| Data excerpts |
= Beginning of Section =
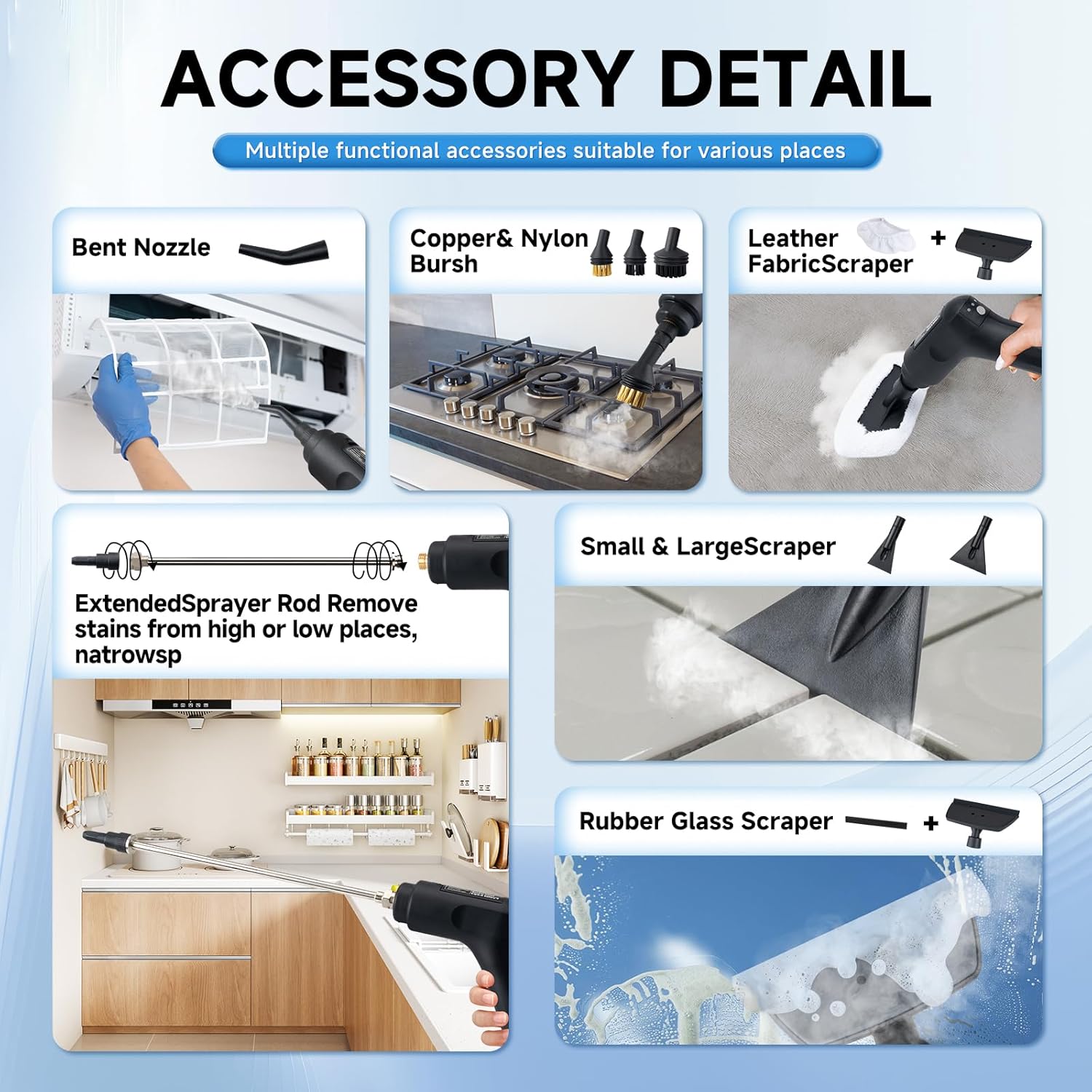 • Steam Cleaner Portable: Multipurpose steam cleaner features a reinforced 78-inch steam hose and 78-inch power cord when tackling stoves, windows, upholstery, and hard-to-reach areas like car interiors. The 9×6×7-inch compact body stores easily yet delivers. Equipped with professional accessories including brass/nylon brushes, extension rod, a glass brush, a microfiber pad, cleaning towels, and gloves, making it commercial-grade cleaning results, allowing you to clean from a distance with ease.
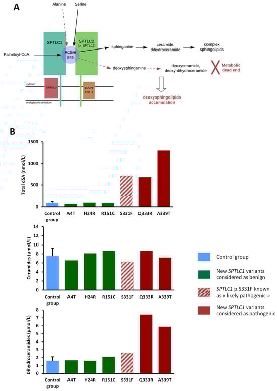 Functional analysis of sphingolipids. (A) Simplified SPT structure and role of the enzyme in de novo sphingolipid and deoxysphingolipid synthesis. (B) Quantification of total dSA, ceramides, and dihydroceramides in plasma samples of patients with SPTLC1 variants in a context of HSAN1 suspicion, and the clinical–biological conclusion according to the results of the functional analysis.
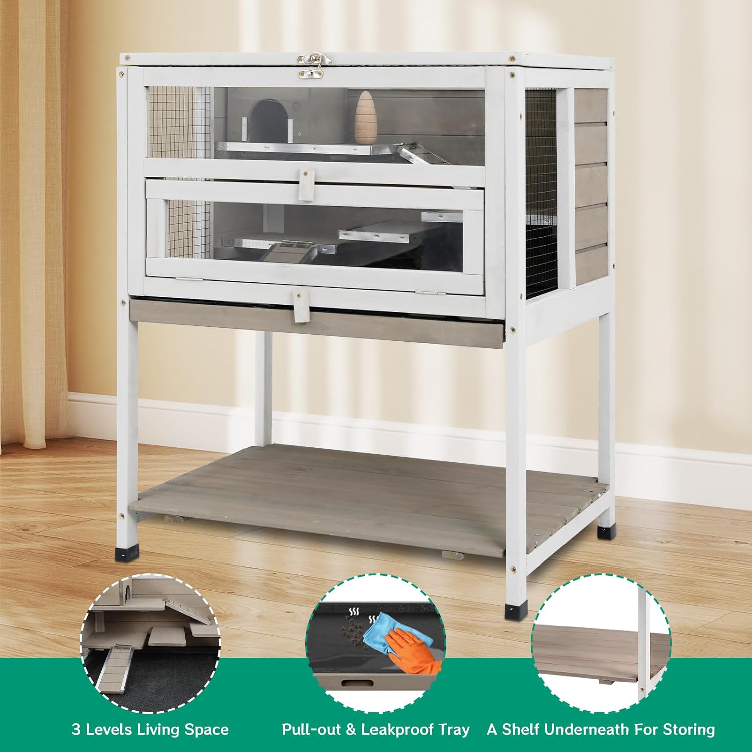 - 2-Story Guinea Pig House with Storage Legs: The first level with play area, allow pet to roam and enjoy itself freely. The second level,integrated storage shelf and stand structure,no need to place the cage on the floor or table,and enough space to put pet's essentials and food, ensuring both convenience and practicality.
= End of Section =
= Beginning of Section =
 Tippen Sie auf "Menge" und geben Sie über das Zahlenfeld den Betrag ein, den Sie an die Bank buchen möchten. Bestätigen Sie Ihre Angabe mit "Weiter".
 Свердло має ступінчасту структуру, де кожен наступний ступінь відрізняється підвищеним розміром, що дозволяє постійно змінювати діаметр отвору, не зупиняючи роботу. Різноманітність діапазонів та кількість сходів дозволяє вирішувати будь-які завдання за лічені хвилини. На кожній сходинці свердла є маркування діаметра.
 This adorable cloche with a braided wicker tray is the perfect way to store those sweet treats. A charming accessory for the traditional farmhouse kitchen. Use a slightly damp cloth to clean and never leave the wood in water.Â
= End of Section =
| What this task involves |
Set down again, exactly, every line above from the one with "Functional analysis of" down to the one with "- 2-Story Guinea", both ends included. No pictures, and nothing else.

| Finished task |
 Functional analysis of sphingolipids. (A) Simplified SPT structure and role of the enzyme in de novo sphingolipid and deoxysphingolipid synthesis. (B) Quantification of total dSA, ceramides, and dihydroceramides in plasma samples of patients with SPTLC1 variants in a context of HSAN1 suspicion, and the clinical–biological conclusion according to the results of the functional analysis.
 - 2-Story Guinea Pig House with Storage Legs: The first level with play area, allow pet to roam and enjoy itself freely. The second level,integrated storage shelf and stand structure,no need to place the cage on the floor or table,and enough space to put pet's essentials and food, ensuring both convenience and practicality.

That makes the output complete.